WHAT TO WORK ON — The whole listing should be retyped word for word, apart from the pictures it holds.
------------------------------------------------
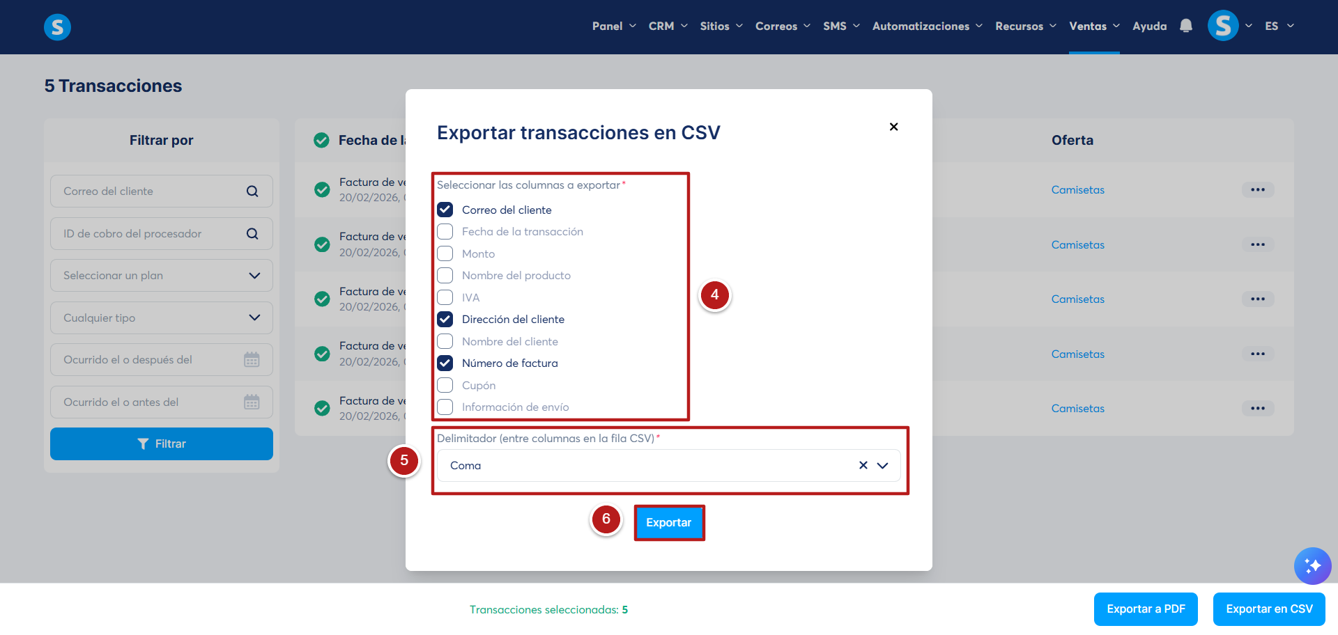 Selecciona un delimitador que se utilizará para separar las columnas en tu archivo CSV (5).
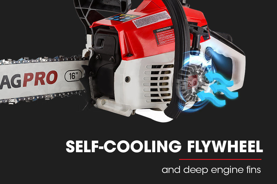 The Baumr-AG Pro 16" Chainsaw is perfect for trady or home handy man who likes to work hard and pack light. With a 3.2hp 38cc engine and direct air injection carburettor this mighty mini packs a serious punch and it comes loaded with great features, like a quick chain tensioner, fast primer, auto chain brake and correctly sized 16" bar for fast cutting and superior performance.
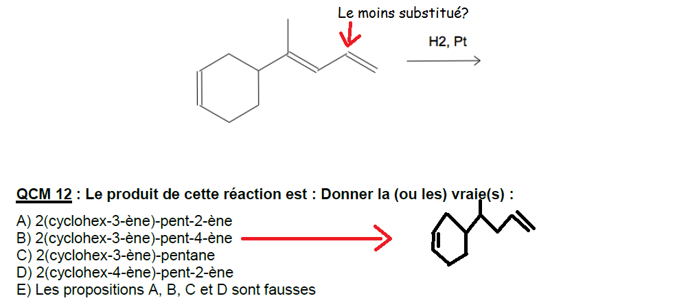 J'aurais une question par rapport au QCM 12 :) Lorsque j'ai fais ce QCM, j'ai trouvé également la réponse B soit le "2(cyclohex-3-ène)-pent-4-ène" :)
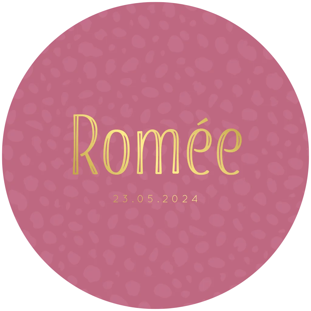Dit moderne geboortekaartje is uitgesneden in een ronde vorm. Een roze geboortekaartje voor meisjes met een creatieve print op de achtergrond en de naam in goudfolie. De achtergrond, het lettertype en de kleuren zijn volledig naar wens aan te passen. Heb je hulp nodig bij het ontwerpen van jouw ideale kaartje? Stuur gerust een berichtje! Romée
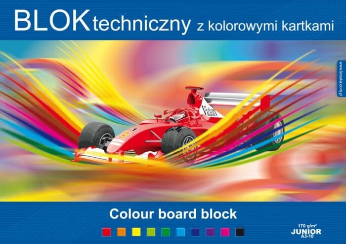 • Blok techniczny kolorowy 10 kartek wysokiej jakości karton barwiony w masie o gramaturze 170 g/m2 -okładka kredowa z połyskiem o gramaturze 115 g/m
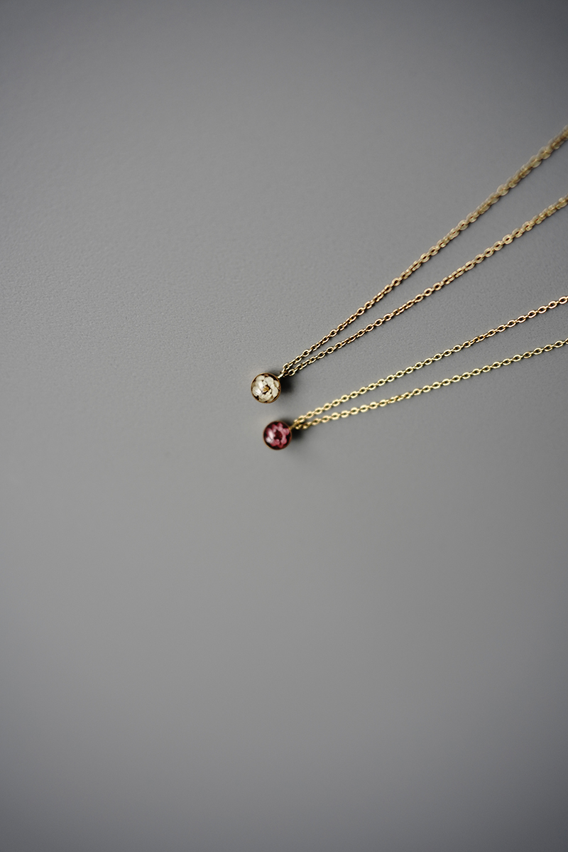 こちらのヨーロッパ原産地のビバーナムという小さな花を閉じ込めた、シンプルで存在感のあるビバーナムシリーズも透明感、素材感、そして自然の美しさをアクセサリーで表現した同レーベルの傑作。
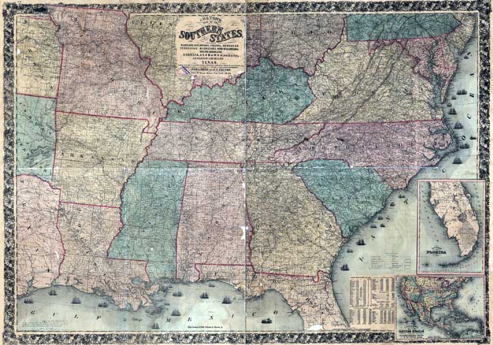Colton's Map of the Southern States; 1861. Created from a copy at the Library of Congress Archives; 38" x 54" |
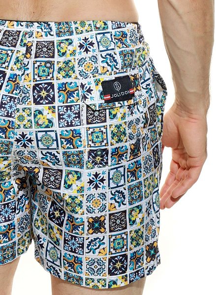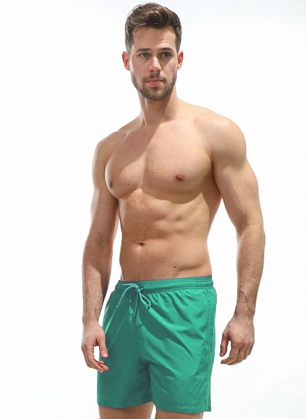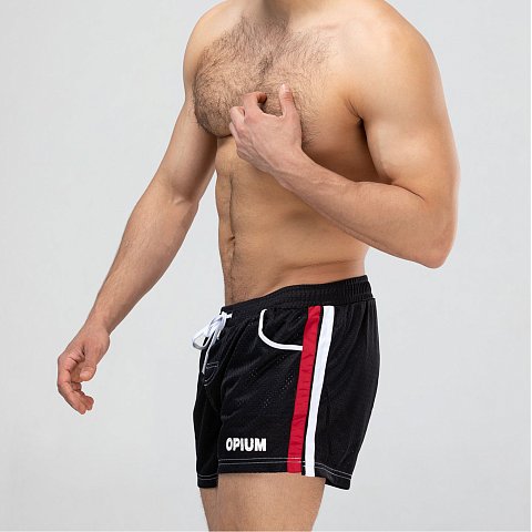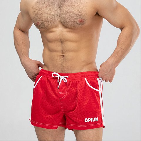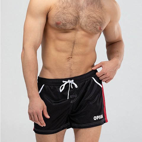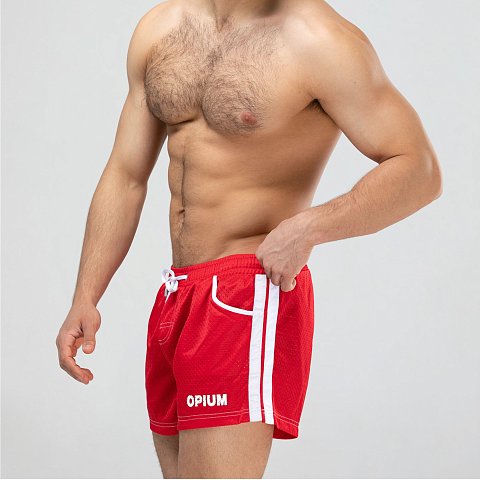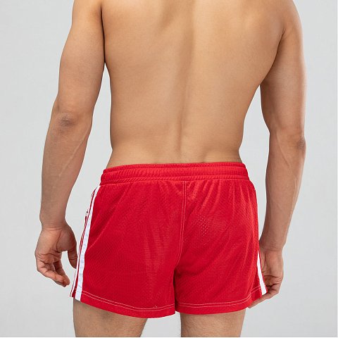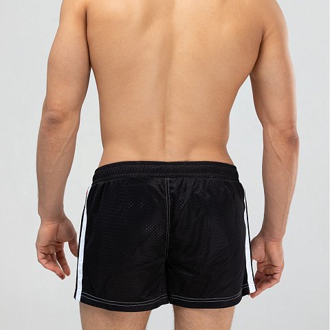 Мужские спортивные короткие шорты из быстросохнущего перфорированного двухслойного материала. Основной цвет оттенён яркими лампасами. Пояс на резинке дополнен регулирующим контрастным шнурком с брендированными металлическими эглетами. Удобные боковые карманы для мелочей. Контрастная отстрочка швов. Шорты имеют внутренние дополнительные сетчатые плавки для комфортного ношения. Эта модель отлично сидит и подходит не только для пляжа, плавания, но и активного занятия спортом.
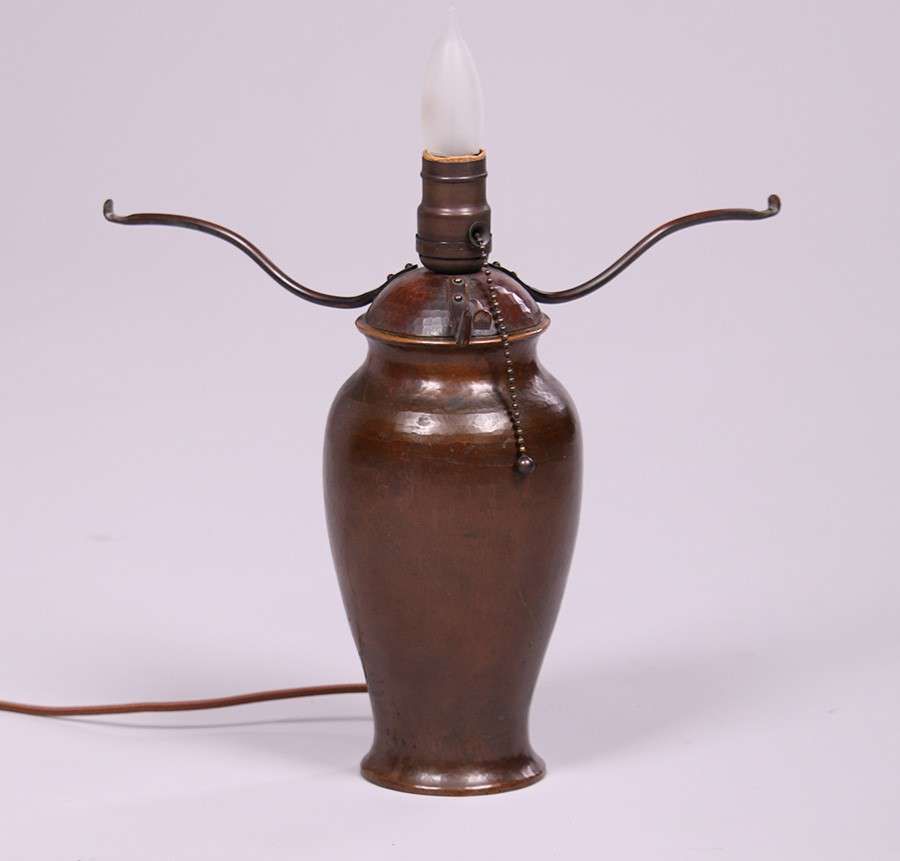 - Dirk van Erp Hammered Copper Vase converted into a Lamp
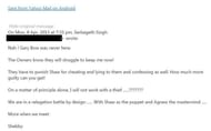 “That is what I meant by irregularities which I said in the press. PA got his mate DS on a plane and flew to India uninvited to beg for mercy. DS confessed to the crime of lying and cheating. She is resigning because she cannot work with DS and PA doing things behind the Owners backs.
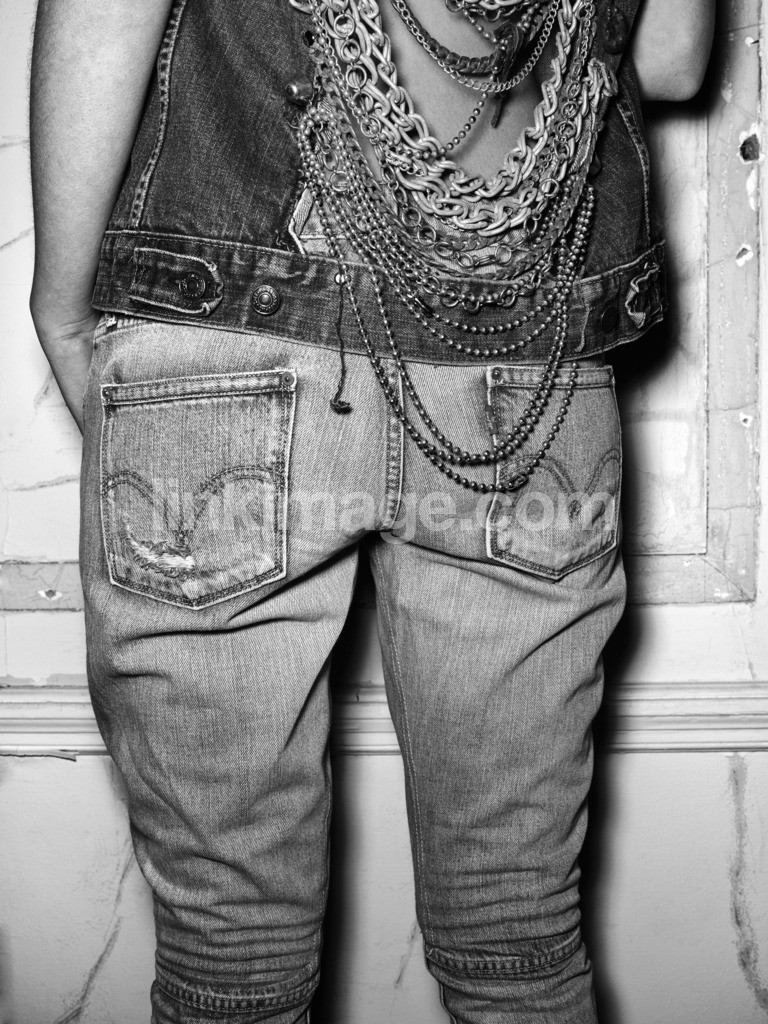 denim, gold, interior, jeans, chain, clothes, woman, fashion, rundown, pose, frayed, style, texture, vintage, wall, west
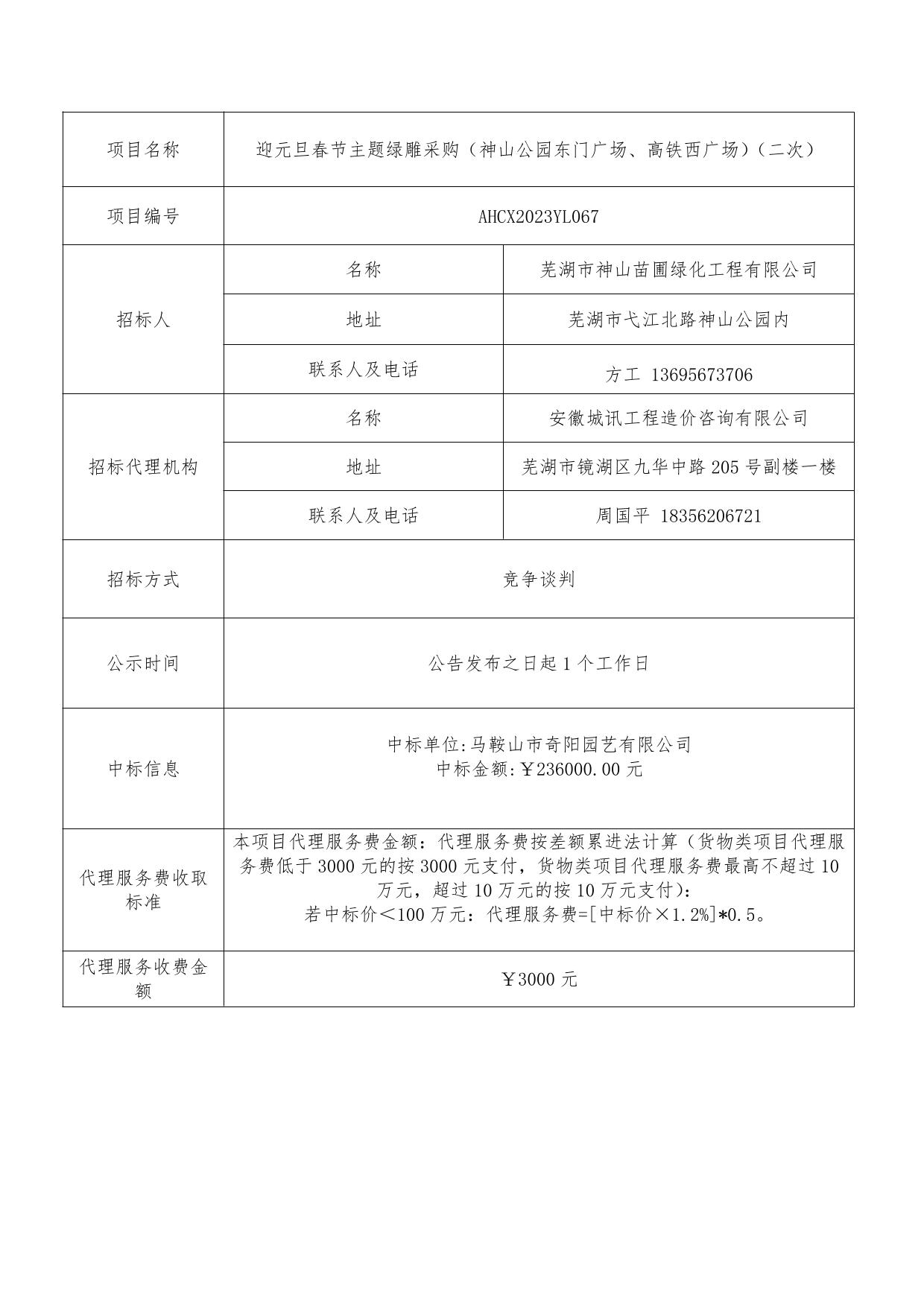 迎元旦春節主題綠雕采購(神山公園東門(mén)廣場(chǎng)、高鐵西廣場(chǎng))(二次)成交結果公...
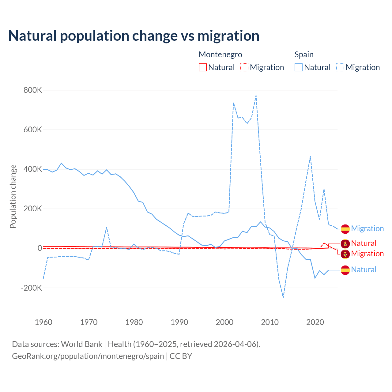 Over the last 10 years, 52.4% of the population change in Montenegro is from natural causes (a gain of 4,501 people) and 47.6% is from migration (a gain of 4,095 people). In Spain 25.8% is from natural causes (a loss of 627,829 people) and 74.2% is from migration (a gain of 1,810,127 people).
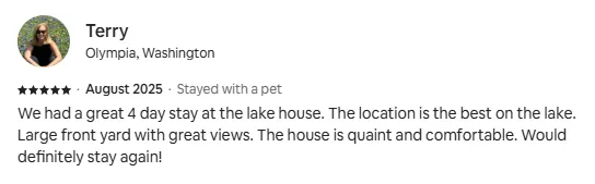 "Serious comfort vibes. Almost instantly we felt right at ease; almost like we were at our own lake house. Laura went to great lengths to give clear directions, & offered resources to find local amenities/events. The lake was so beautiful, and calm. My dogs felt right at home (I loved how pet friendly Laura & the property was), they LOVED running around the huge fenced yard; we were very happy that the yard was poop free as sometimes pet friendly locations are not. There was a nice selection of tea (I love tea). My husband & I are avid fishers, so being able to cast off the dock/from the canoes on the lake, was nice. The hot tub was hot/ready for us when we got there. But the main thing I want to mention, is the back porch. It was seriously perfect! The swings, the view of the lake, having coffee on the porch every morning was the highlight of my stay. We absolutely plan to return this summer with our kiddos. Thank you, Laura." - Tiara March 2025
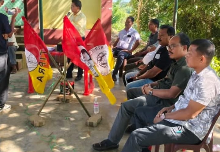 Ampi, Tripura, 20th of November 2025 : Aiming to upcoming mass gathering on 27th of November 2025 in Agartala Ampi block TMP committee has organized an awareness programme here in Kasku market in Gomati Tripura today. On this occasion Ampi block TMP committee members and local party members have assembled here in the programme and created an awareness campaign to inspire indigenous people to attend the mass gathering on 27th of November in Agartala. Amidst the leaders there were Ampi TMP block committee president Sanjay Jamatia, YTF president Debarshi Jamatia, Uttam Kumar Jamatia and TMP wings activists remained present in the programme.
------------------------------------------------
EXPECTED OUTPUT —
 Selecciona un delimitador que se utilizará para separar las columnas en tu archivo CSV (5).
 The Baumr-AG Pro 16" Chainsaw is perfect for trady or home handy man who likes to work hard and pack light. With a 3.2hp 38cc engine and direct air injection carburettor this mighty mini packs a serious punch and it comes loaded with great features, like a quick chain tensioner, fast primer, auto chain brake and correctly sized 16" bar for fast cutting and superior performance.
 J'aurais une question par rapport au QCM 12 :) Lorsque j'ai fais ce QCM, j'ai trouvé également la réponse B soit le "2(cyclohex-3-ène)-pent-4-ène" :)
Dit moderne geboortekaartje is uitgesneden in een ronde vorm. Een roze geboortekaartje voor meisjes met een creatieve print op de achtergrond en de naam in goudfolie. De achtergrond, het lettertype en de kleuren zijn volledig naar wens aan te passen. Heb je hulp nodig bij het ontwerpen van jouw ideale kaartje? Stuur gerust een berichtje! Romée
 • Blok techniczny kolorowy 10 kartek wysokiej jakości karton barwiony w masie o gramaturze 170 g/m2 -okładka kredowa z połyskiem o gramaturze 115 g/m
 こちらのヨーロッパ原産地のビバーナムという小さな花を閉じ込めた、シンプルで存在感のあるビバーナムシリーズも透明感、素材感、そして自然の美しさをアクセサリーで表現した同レーベルの傑作。
Colton's Map of the Southern States; 1861. Created from a copy at the Library of Congress Archives; 38" x 54" |
 Мужские спортивные короткие шорты из быстросохнущего перфорированного двухслойного материала. Основной цвет оттенён яркими лампасами. Пояс на резинке дополнен регулирующим контрастным шнурком с брендированными металлическими эглетами. Удобные боковые карманы для мелочей. Контрастная отстрочка швов. Шорты имеют внутренние дополнительные сетчатые плавки для комфортного ношения. Эта модель отлично сидит и подходит не только для пляжа, плавания, но и активного занятия спортом.
 - Dirk van Erp Hammered Copper Vase converted into a Lamp
 “That is what I meant by irregularities which I said in the press. PA got his mate DS on a plane and flew to India uninvited to beg for mercy. DS confessed to the crime of lying and cheating. She is resigning because she cannot work with DS and PA doing things behind the Owners backs.
 denim, gold, interior, jeans, chain, clothes, woman, fashion, rundown, pose, frayed, style, texture, vintage, wall, west
 迎元旦春節主題綠雕采購(神山公園東門(mén)廣場(chǎng)、高鐵西廣場(chǎng))(二次)成交結果公...
 Over the last 10 years, 52.4% of the population change in Montenegro is from natural causes (a gain of 4,501 people) and 47.6% is from migration (a gain of 4,095 people). In Spain 25.8% is from natural causes (a loss of 627,829 people) and 74.2% is from migration (a gain of 1,810,127 people).
 "Serious comfort vibes. Almost instantly we felt right at ease; almost like we were at our own lake house. Laura went to great lengths to give clear directions, & offered resources to find local amenities/events. The lake was so beautiful, and calm. My dogs felt right at home (I loved how pet friendly Laura & the property was), they LOVED running around the huge fenced yard; we were very happy that the yard was poop free as sometimes pet friendly locations are not. There was a nice selection of tea (I love tea). My husband & I are avid fishers, so being able to cast off the dock/from the canoes on the lake, was nice. The hot tub was hot/ready for us when we got there. But the main thing I want to mention, is the back porch. It was seriously perfect! The swings, the view of the lake, having coffee on the porch every morning was the highlight of my stay. We absolutely plan to return this summer with our kiddos. Thank you, Laura." - Tiara March 2025
 Ampi, Tripura, 20th of November 2025 : Aiming to upcoming mass gathering on 27th of November 2025 in Agartala Ampi block TMP committee has organized an awareness programme here in Kasku market in Gomati Tripura today. On this occasion Ampi block TMP committee members and local party members have assembled here in the programme and created an awareness campaign to inspire indigenous people to attend the mass gathering on 27th of November in Agartala. Amidst the leaders there were Ampi TMP block committee president Sanjay Jamatia, YTF president Debarshi Jamatia, Uttam Kumar Jamatia and TMP wings activists remained present in the programme.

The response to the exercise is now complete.